» Dataset entries
▼
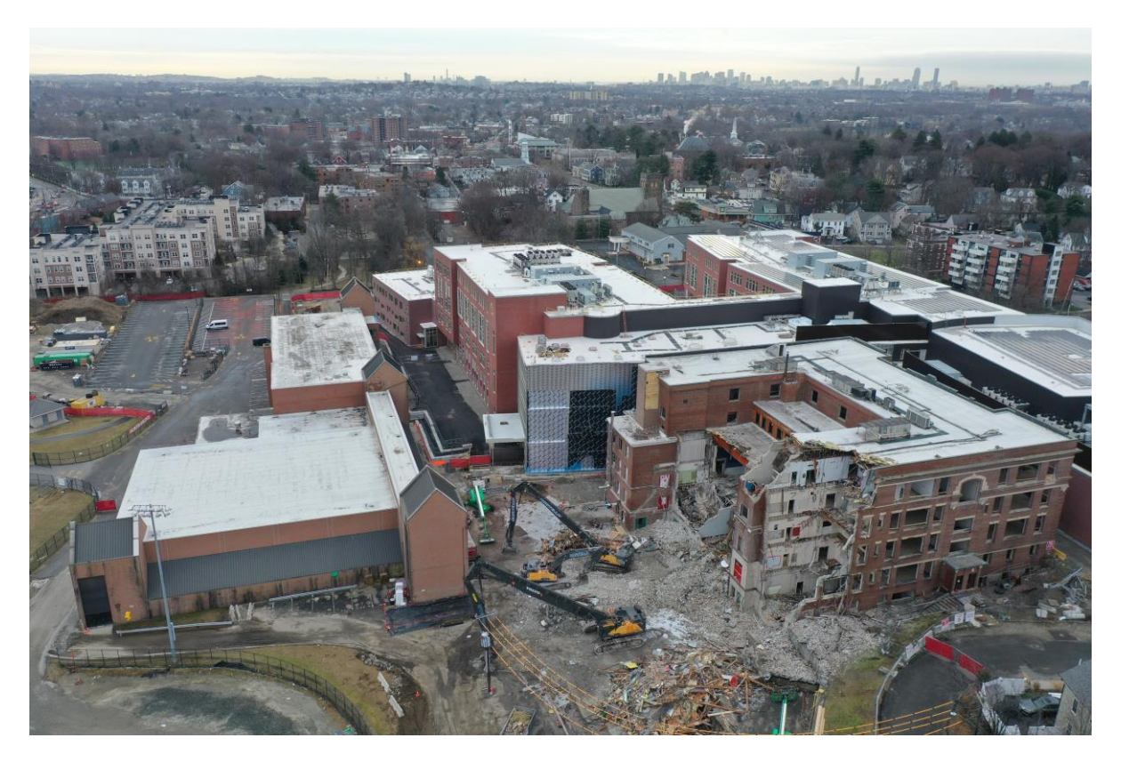
Photograph 3: Aerial view
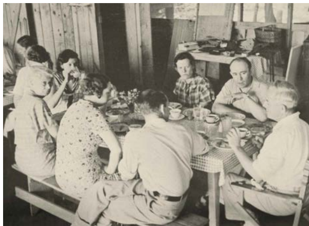
Nobles Ferry 4-AP
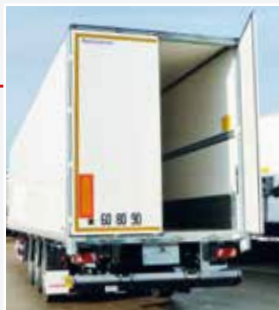
Smooth barn doors
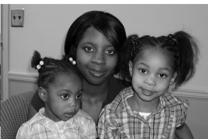
The Burt Family
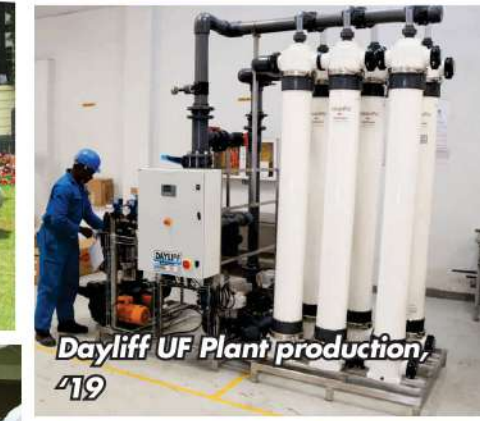
Dayliff UF Plant production, '19
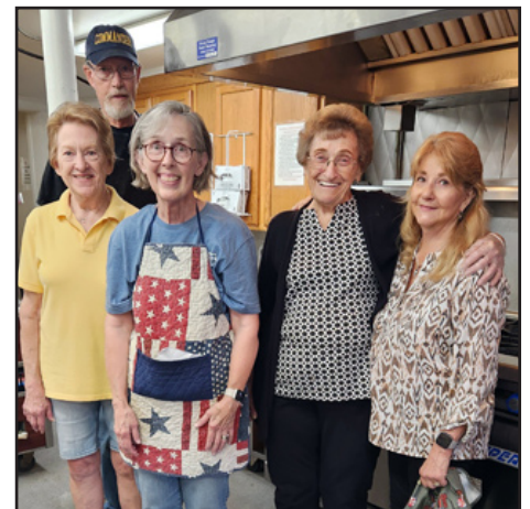
Thank you Father's Day volunteers.

Please attend our August meeting to see our awards and more highlights from Convention.
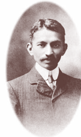
Gandhi as a young barrister in South Africa circa 1900
▲
» The problem
Nothing in the records should be changed in the copy, but the pictures must be left out.

» Answer section
Photograph 3: Aerial view
Nobles Ferry 4-AP
Smooth barn doors
The Burt Family
Dayliff UF Plant production, '19
Thank you Father's Day volunteers.

Please attend our August meeting to see our awards and more highlights from Convention.
Gandhi as a young barrister in South Africa circa 1900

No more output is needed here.